Generating CSV Files from MySQL Database using Apache Airflow
In this tutorial, we will explore how to generate CSV files from a MySQL database using Apache Airflow. Apache Airflow is an open-source platform that allows you to programmatically author, schedule, and monitor workflows. We will create a workflow that connects to a MySQL database, fetches data, and generates CSV files on a scheduled basis.
Prerequisites:
- Basic knowledge of SQL and MySQL.
- Familiarity with Python and Apache Airflow concepts.
- Apache Airflow installed and configured on your system.
Set Up Your Environment
Make sure you have Apache Airflow installed. You can install it using pip:
pip install apache-airflow
Create a Python Script for Generating CSV
Create a Python script, let’s call it mysql_to_csv.py
, where we will write the logic to fetch data from the MySQL database and generate CSV files. Here’s a basic example:
import csv
import mysql.connector
# MySQL connection details
db_config = {
'host': 'your_mysql_host',
'user': 'your_mysql_user',
'password': 'your_mysql_password',
'database': 'your_database_name'
}
# Fetch data from MySQL and generate CSV
def generate_csv():
connection = mysql.connector.connect(**db_config)
cursor = connection.cursor()
query = "SELECT * FROM your_table_name"
cursor.execute(query)
data = cursor.fetchall()
csv_file = open('output.csv', 'w', newline='')

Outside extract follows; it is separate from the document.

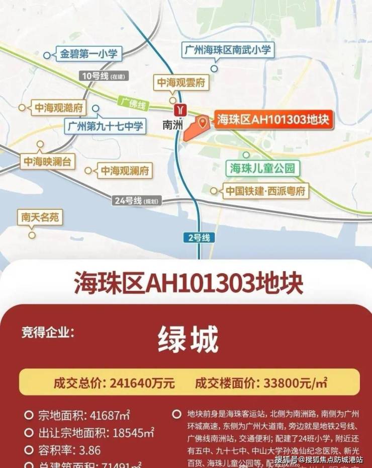 海珠【绿城馥香园】是位于广州市海珠区的一个高品质住宅项目,由知名开发商绿城于2024年12月5日以约24.16亿元总价竞得。该项目占地面积为41687平方米,总建筑面积达到71491平方米,规划有5栋高层住宅楼,提供大约672套房源。

csv_writer = csv.writer(csv_file)
# Write header
csv_writer.writerow([i[0] for i in cursor.description])
# Write data
csv_writer.writerows(data)
csv_file.close()
connection.close()
if __name__ == '__main__':
generate_csv()
Create an Apache Airflow DAG
Now, let’s create an Apache Airflow DAG (Directed Acyclic Graph) to schedule the execution of our Python script at specified intervals. Create a Python script named mysql_to_csv_dag.py
:
from airflow import DAG
from airflow.operators.python_operator import PythonOperator
from datetime import datetime, timedelta
import os
default_args = {
'owner': 'your_name',
'depends_on_past': False,
'start_date': datetime(2023, 8, 6),
'retries': 1,
'retry_delay': timedelta(minutes=5),
}
dag = DAG(
'mysql_to_csv_dag',
default_args=default_args,
schedule_interval=timedelta(days=1), # Adjust as needed
)
def generate_csv_task():
os.system('python /path/to/mysql_to_csv.py')
generate_csv_operator = PythonOperator(
task_id='generate_csv_task',
python_callable=generate_csv_task,
dag=dag,
)
generate_csv_operator
Start Apache Airflow Web Server and Scheduler
Start the Apache Airflow web server and scheduler using the following commands:
airflow webserver -p 8080
airflow scheduler
Congratulations! You’ve successfully set up a workflow using Apache Airflow to generate CSV files from a MySQL database on a scheduled basis. This tutorial provides a basic example, and you can further enhance it by handling errors, customizing the CSV output, and incorporating additional tasks into your DAG.